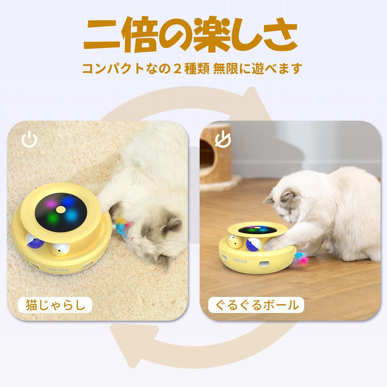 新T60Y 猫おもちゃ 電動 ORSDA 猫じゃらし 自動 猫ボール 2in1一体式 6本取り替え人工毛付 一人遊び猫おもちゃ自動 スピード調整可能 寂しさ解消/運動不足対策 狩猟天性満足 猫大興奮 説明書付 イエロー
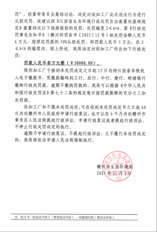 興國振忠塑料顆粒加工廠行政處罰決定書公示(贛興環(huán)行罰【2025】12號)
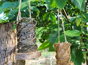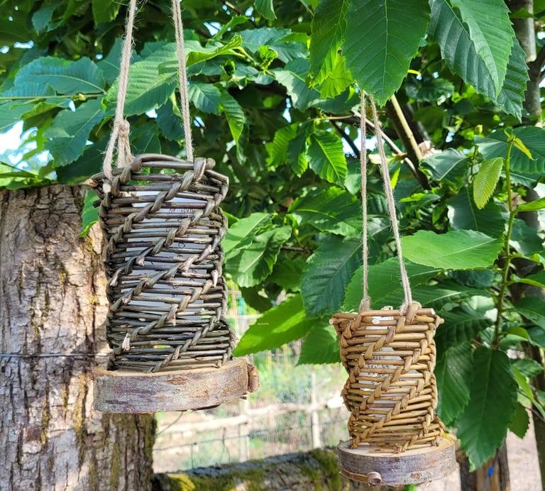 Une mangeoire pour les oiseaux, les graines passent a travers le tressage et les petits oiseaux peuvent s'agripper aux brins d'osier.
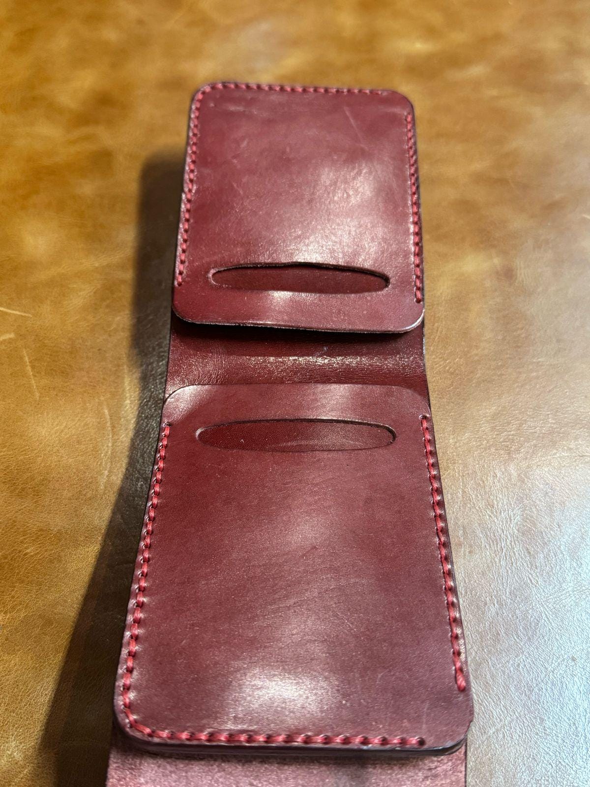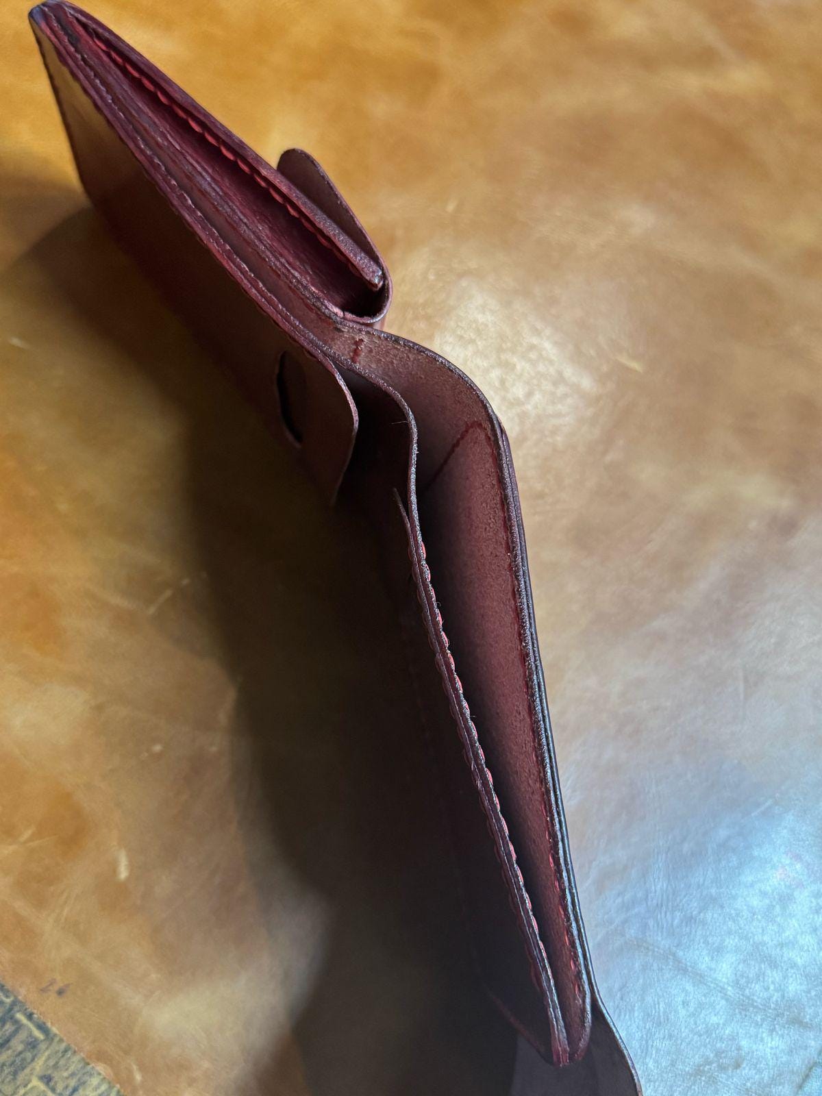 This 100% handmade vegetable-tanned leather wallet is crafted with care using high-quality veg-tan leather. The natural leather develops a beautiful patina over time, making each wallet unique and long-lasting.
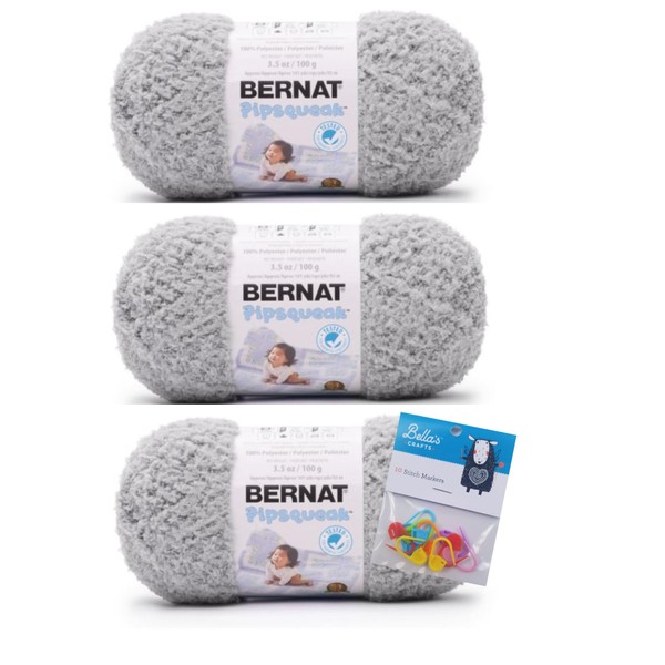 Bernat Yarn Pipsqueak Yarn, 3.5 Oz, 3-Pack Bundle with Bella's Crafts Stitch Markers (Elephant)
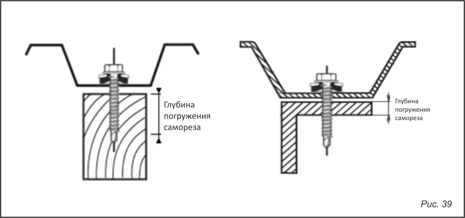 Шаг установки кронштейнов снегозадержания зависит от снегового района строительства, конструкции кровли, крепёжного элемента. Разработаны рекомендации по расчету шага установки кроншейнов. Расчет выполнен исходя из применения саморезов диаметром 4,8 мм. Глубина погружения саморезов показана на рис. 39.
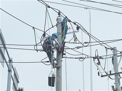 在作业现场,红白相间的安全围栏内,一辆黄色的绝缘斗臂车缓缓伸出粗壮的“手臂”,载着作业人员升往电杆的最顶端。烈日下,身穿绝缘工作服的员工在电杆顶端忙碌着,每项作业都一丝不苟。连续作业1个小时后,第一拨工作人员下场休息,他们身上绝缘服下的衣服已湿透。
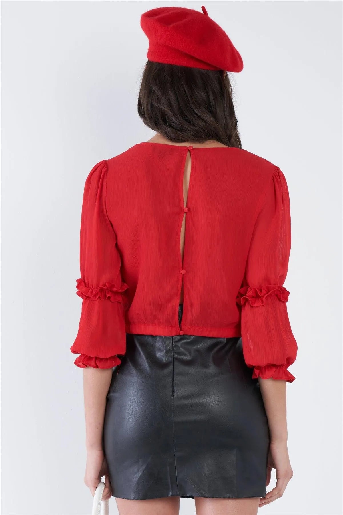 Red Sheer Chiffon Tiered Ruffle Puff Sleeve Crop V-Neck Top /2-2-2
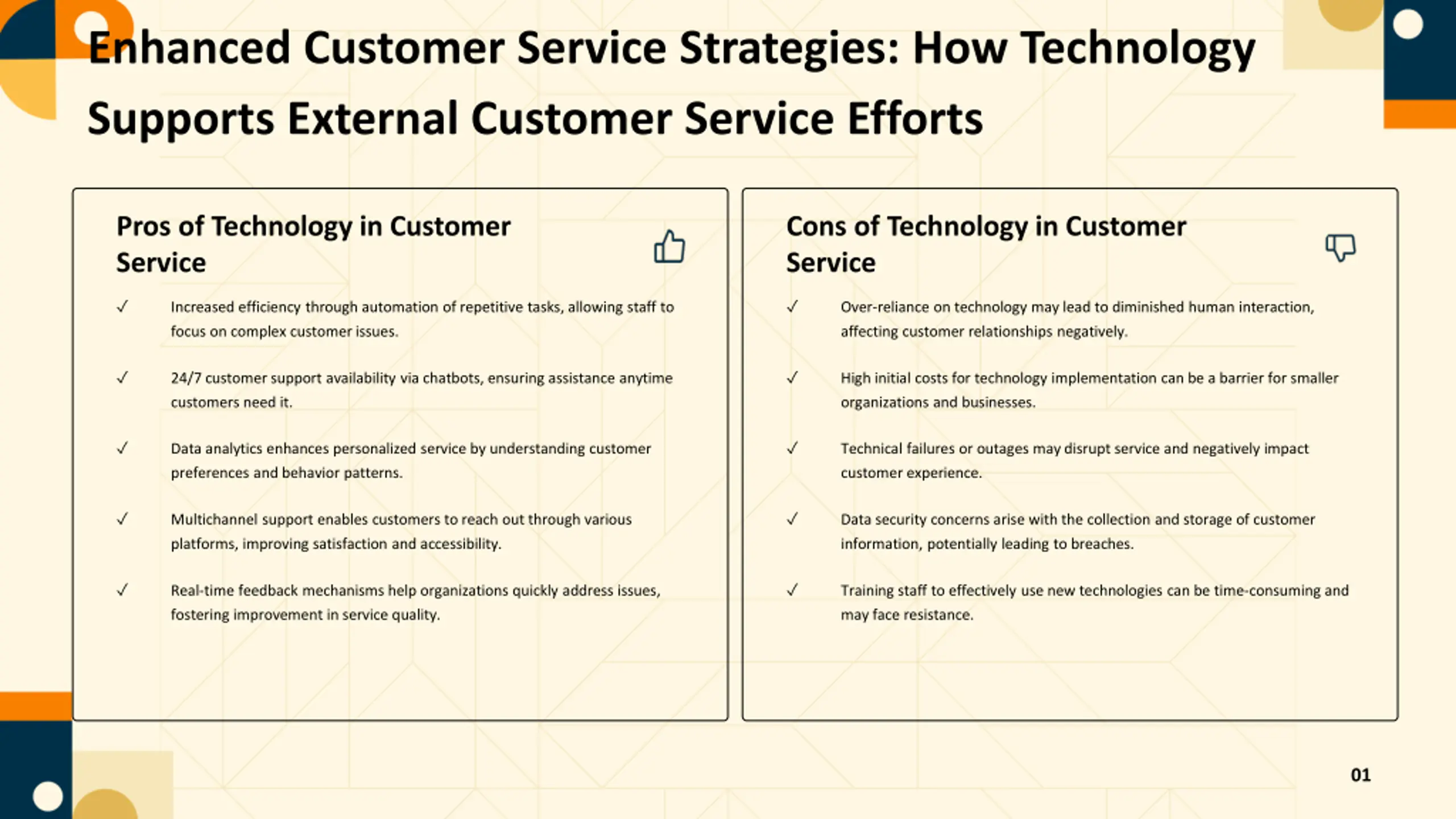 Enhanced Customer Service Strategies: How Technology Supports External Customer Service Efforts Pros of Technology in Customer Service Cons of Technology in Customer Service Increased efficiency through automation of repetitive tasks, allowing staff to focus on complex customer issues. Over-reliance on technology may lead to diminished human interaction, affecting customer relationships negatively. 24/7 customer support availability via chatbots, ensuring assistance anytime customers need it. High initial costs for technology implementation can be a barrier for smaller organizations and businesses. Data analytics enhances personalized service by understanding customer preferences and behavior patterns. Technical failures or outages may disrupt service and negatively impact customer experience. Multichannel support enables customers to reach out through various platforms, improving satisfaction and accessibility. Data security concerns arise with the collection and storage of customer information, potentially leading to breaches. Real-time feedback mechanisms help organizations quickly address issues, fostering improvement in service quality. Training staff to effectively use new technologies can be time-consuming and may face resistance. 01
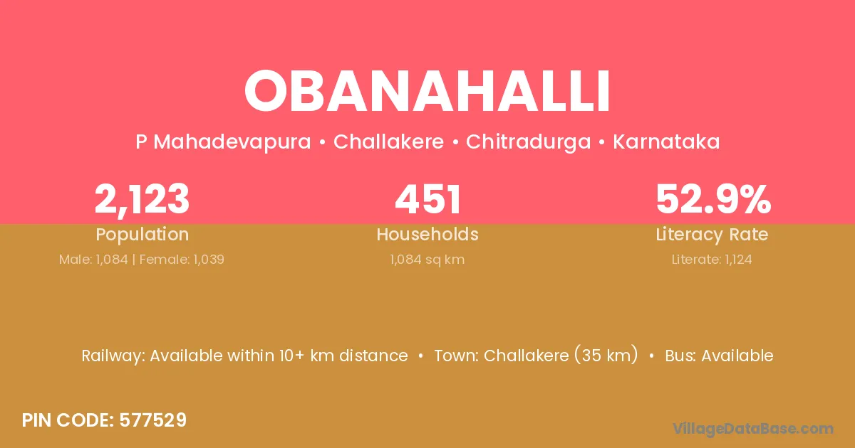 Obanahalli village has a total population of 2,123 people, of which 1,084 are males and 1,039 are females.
# # # #
Transcribe exactly the lines that run from the first line of the records above through the line with "Une mangeoire pour", and include both of those lines; pictures stay out.

 新T60Y 猫おもちゃ 電動 ORSDA 猫じゃらし 自動 猫ボール 2in1一体式 6本取り替え人工毛付 一人遊び猫おもちゃ自動 スピード調整可能 寂しさ解消/運動不足対策 狩猟天性満足 猫大興奮 説明書付 イエロー
 興國振忠塑料顆粒加工廠行政處罰決定書公示(贛興環(huán)行罰【2025】12號)
 Une mangeoire pour les oiseaux, les graines passent a travers le tressage et les petits oiseaux peuvent s'agripper aux brins d'osier.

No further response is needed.